Watch the Metrics [FAST FORWARD x3-4] (3:25 - 4:25)

[Recording note: Fast-forward through the 3-minute simulation, narrate over the sped-up footage]

Point to each KPI card as it updates:

Cache Hit Rate

"Percentage of requests served from cache."

Avg Latency

"Average response time for cache hits."

Cost Reduction

"AI costs avoided through caching."

Total Requests

"Total processed requests."

Narrate Key Moments

"First 30 seconds - we're priming the cache with base questions, so hit rate is low."

"Now variations are coming in - the cache recognizes them as similar. Hit rate climbing..."

"We're seeing [X]% of requests served from cache - that's [X]% of AI calls we didn't have to make."


Part 6: Results & Takeaways (4:40 - 5:35)

Summarize the Numbers

"Here's what we achieved:"

  • "Cache Hit Rate: [X]% of questions answered from cache"
  • "Latency: ~100ms cached vs 5-10 seconds uncached - 50-100x faster"
  • "Cost Reduction: [X]% savings on AI inference costs"

Business Impact

"For production workloads, this means:"

  • "Faster customer experience - instant responses for common questions"
  • "Lower costs - pay only for unique questions"
  • "Better scalability - cache absorbs traffic spikes"

Closing

"To recap: we covered the cost and latency challenge of AI workloads, showed how semantic caching solves it by matching meaning rather than exact words, walked through the code - from vector index creation to the cache decision logic - and saw it working live with real traffic."
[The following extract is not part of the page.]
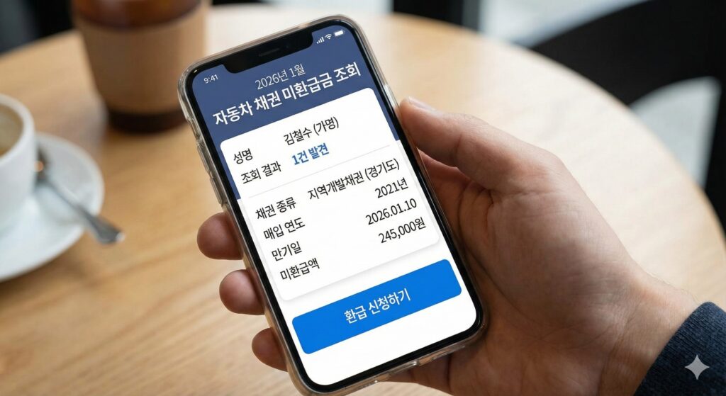 자동차 등록 시 의무적으로 매입하는 지역개발채권(지방) 또는 도시철도채권(서울·부산 등)을 말합니다. 5년~7년 거치 후 원금과 이자를 돌려받을 수 있지만, 청구하지 않으면 소멸시효(원금 10년, 이자 5년) 경과 후 권리가 사라집니다. 2026년 현재 스마트폰 뱅킹 앱으로 즉시 환급 신청이 가능합니다.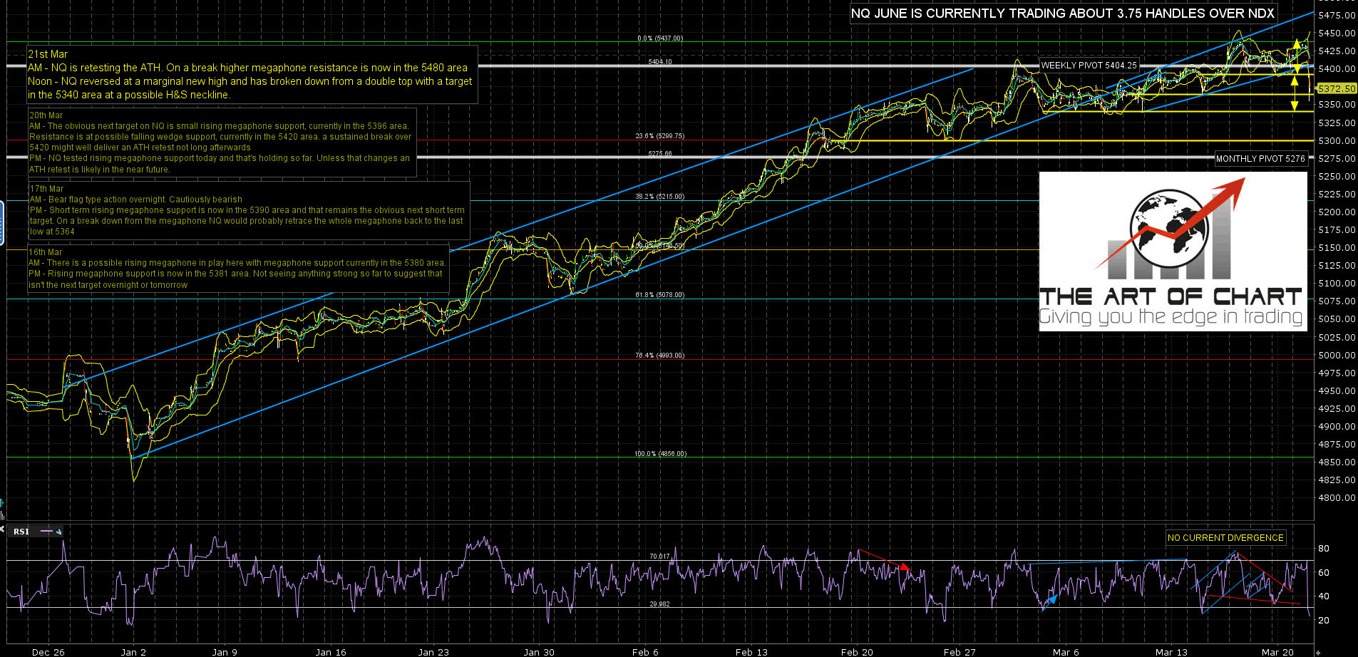 NQ made a new ATH this morning and then broke down from a small double top with a target in the 5340 area that has not yet been made. NQ Jun 60min chart:

"Semantic caching with ElastiCache Valkey lets you handle AI workloads at scale - faster responses, lower costs, and the ability to handle traffic surges like Black Friday. Thanks for watching!"

Thank you for watching!


Q&A Talking Points

Q: How does it know questions are similar?

"We use Nova Embeddings to convert questions into 1024-dimensional vectors. Similar meanings produce vectors that are close together in that space. We measure closeness using cosine similarity."
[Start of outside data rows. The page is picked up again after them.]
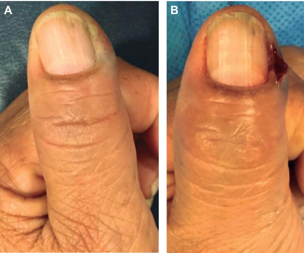Se trata de un pliegue de tejido blando alrededor de la uña por la inoculación bacteriana o por un cuerpo extraño que ocasiona la rotura de la barrera entre el pliegue ungueal y la placa ungueal (Figura 1). El microorganismo más frecuente es S. aureus.7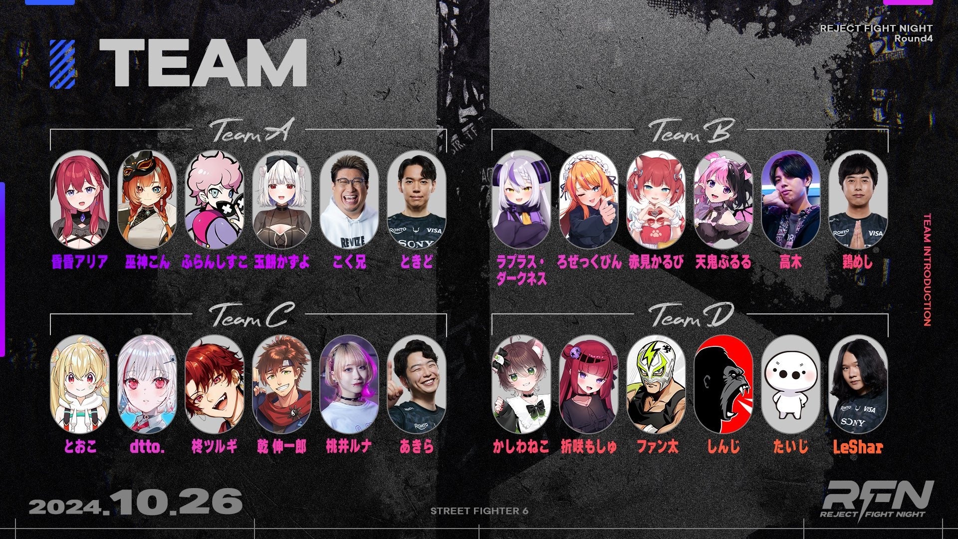 この度、株式会社REJECT(代表取締役:甲山翔也、以下、「REJECT」)は、ストリートファイター6の大会「REJECT FIGHT NIGHT Round4」を開催いたします。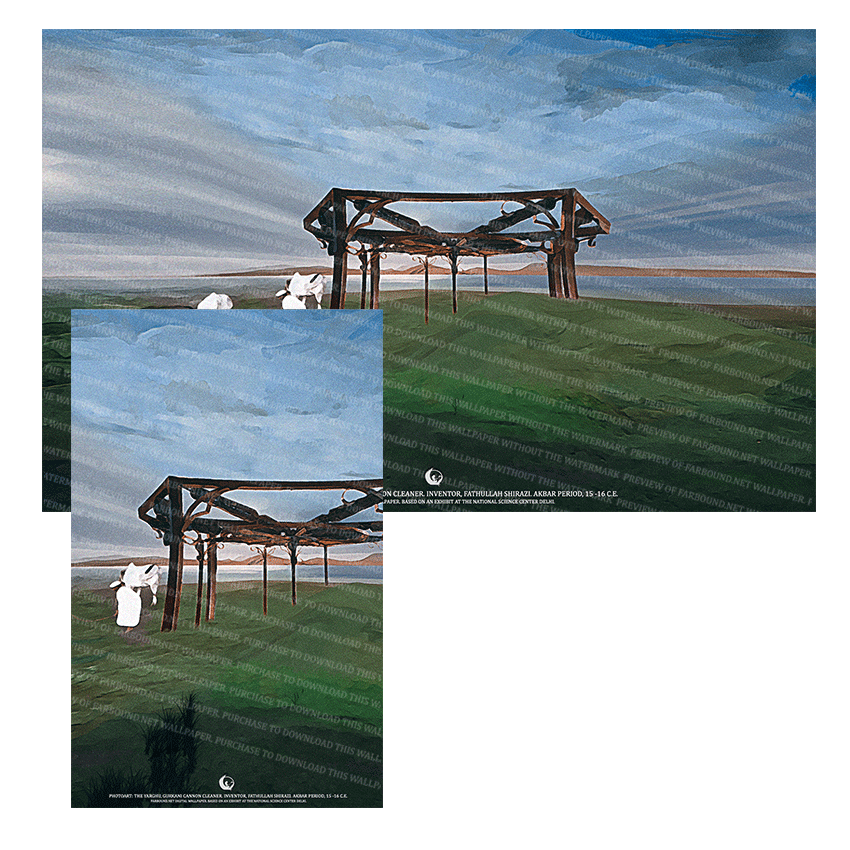 History: This Digital Wallpaper/Desktop Wallpaper/Desktop Background/Laptop Wallpaper/Mobile Phone Wallpaper/Medieval Inventions Wallpaper/Mughal Inventions Wallpaper/Mughal Wallpaper/Mughal Cannon Cleaner Wallpaper, features a photoart presentation of a Gurkani (Mughal) Cannon Cleaner known as the Yarghu. Invented by Fathullah of Shiraz, a Persian (Iranian) courtier, minister and inventor, who lived during the reign of Gurkani (Mughal) emperor Jalal-ud-din Muhammad Akbar, the Yarghu was a cumbersome yet unique contraction used in cleaning multiple midsize cannons simultaneously. The name Yarghu is an old Mongolian word and stands for a court that investigates and punishes corrupt officials. Its association with the contraption, very likely a hint of the Gurkani (Mughals) ancestral ties with the Mongol people, especially Genghis Khan and Timur. To know more about this Gurkani (Mughal) multi cannon cleaner, see the Farbound.Net story: What men could do, Yarghu could do better. The replica on which this artistic presentation is based is on exhibit at the National Science Center Delhi.

Q: What about accuracy? Will it return wrong answers?

"We set a similarity threshold at 0.80. Only questions that are truly similar get cached responses. If there's any doubt, it goes to the full AI chain."

Q: What does this cost to run?

"The ElastiCache cluster costs about $38/month. The AI cost savings typically exceed that quickly under real traffic."
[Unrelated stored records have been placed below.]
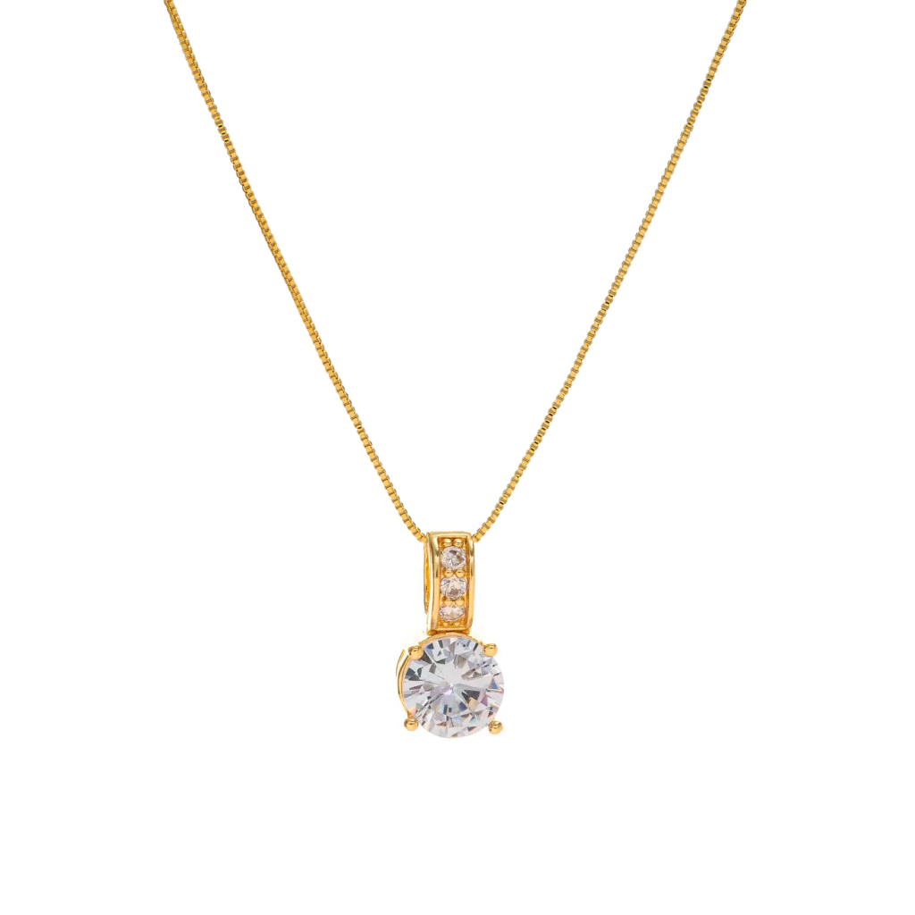 Cadena Lucy está hecha con una cadena de tejido venecianoen oro laminado 18k con dije de punto de luz con finos zircones en base de oro laminado.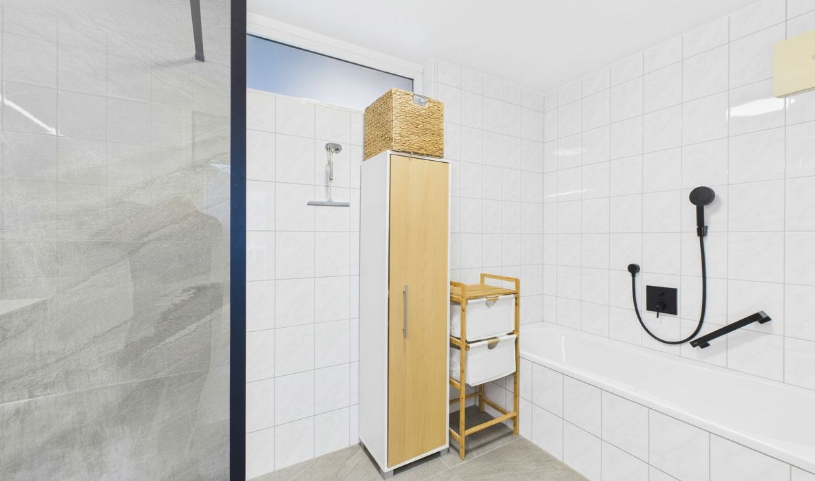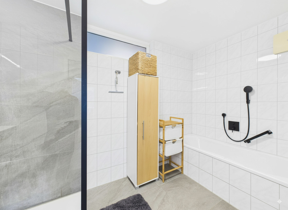 Zudem erwarten Sie hochwertige Materialien wie Fliesen und Parkett, die nicht nur stilvoll, sondern auch pflegeleicht sind. Die Fußbodenheizung sorgt in der kalten Jahreszeit für ein angenehmes Wohnklima und höchsten Komfort.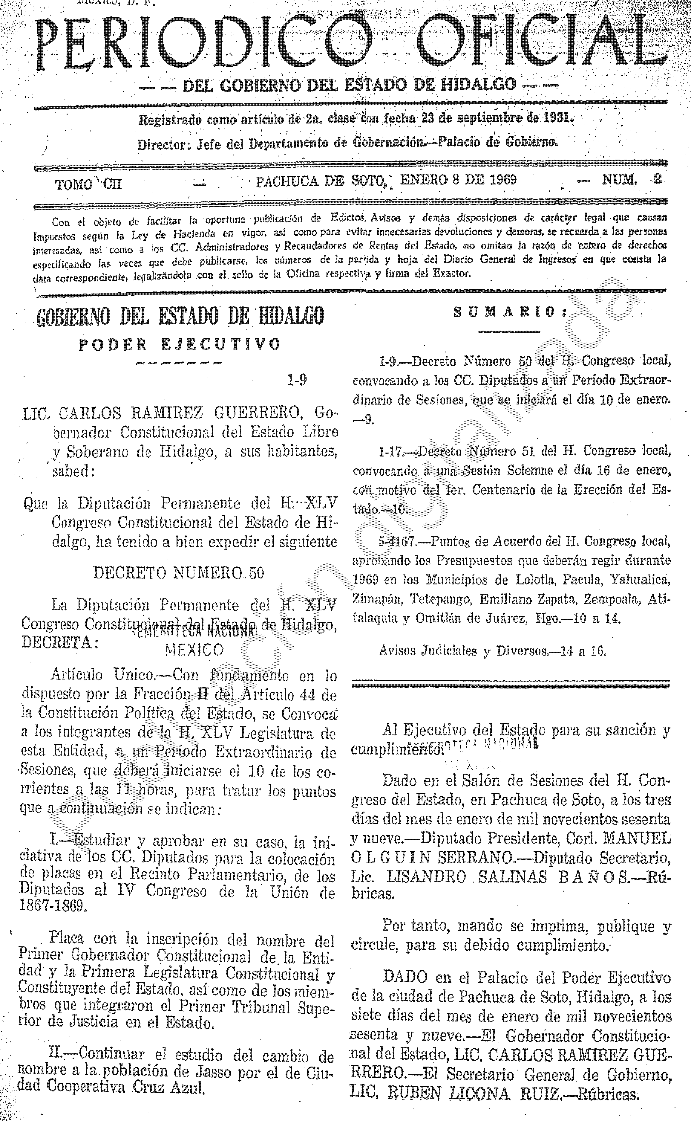 Descargar Periódico Oficial Ordinario 0 del 08 de enero de 1969

Q: Can this work with other AI models?

"Yes - the cache layer is model-agnostic. We use Claude via Bedrock here, but any embedding model + LLM combination works."

Q: Why are there some failures in the simulation?

"AgentCore has a 25 TPS limit per agent. At peak load (11 RPS), some requests get throttled. The recommended solution is horizontal scaling - deploy multiple AgentCore runtimes behind an Application Load Balancer. ALB supports WebSocket connections that AgentCore uses. With two runtimes, you'd have 50 TPS capacity."


Fallback Plan

Issue Quick Fix
UI not updating Refresh browser, check API URL
Metrics stay at zero Wait 1-2 minutes for CloudWatch delay
Demo button unresponsive Use CloudWatch Dashboard as backup

Emergency: Keep screenshots of a successful run as backup.


Timing Summary

Part Start Duration Content
1. The Problem 0:00 55s Intro, preview, Black Friday scenario
2. The Solution 0:55 30s Semantic caching concept, architecture
3. Infrastructure 1:25 30s Single-command deployment, CloudFormation
4. Code Walkthrough 1:55 85s Index, embeddings, lookup, threshold tuning
5. Live Demo 3:20 80s UI demo with fast-forward
6. Results 4:40 55s Summary, recap, business impact
Total ~5:35

Post-Demo

Click Reset Cache in the UI to prepare for the next demo.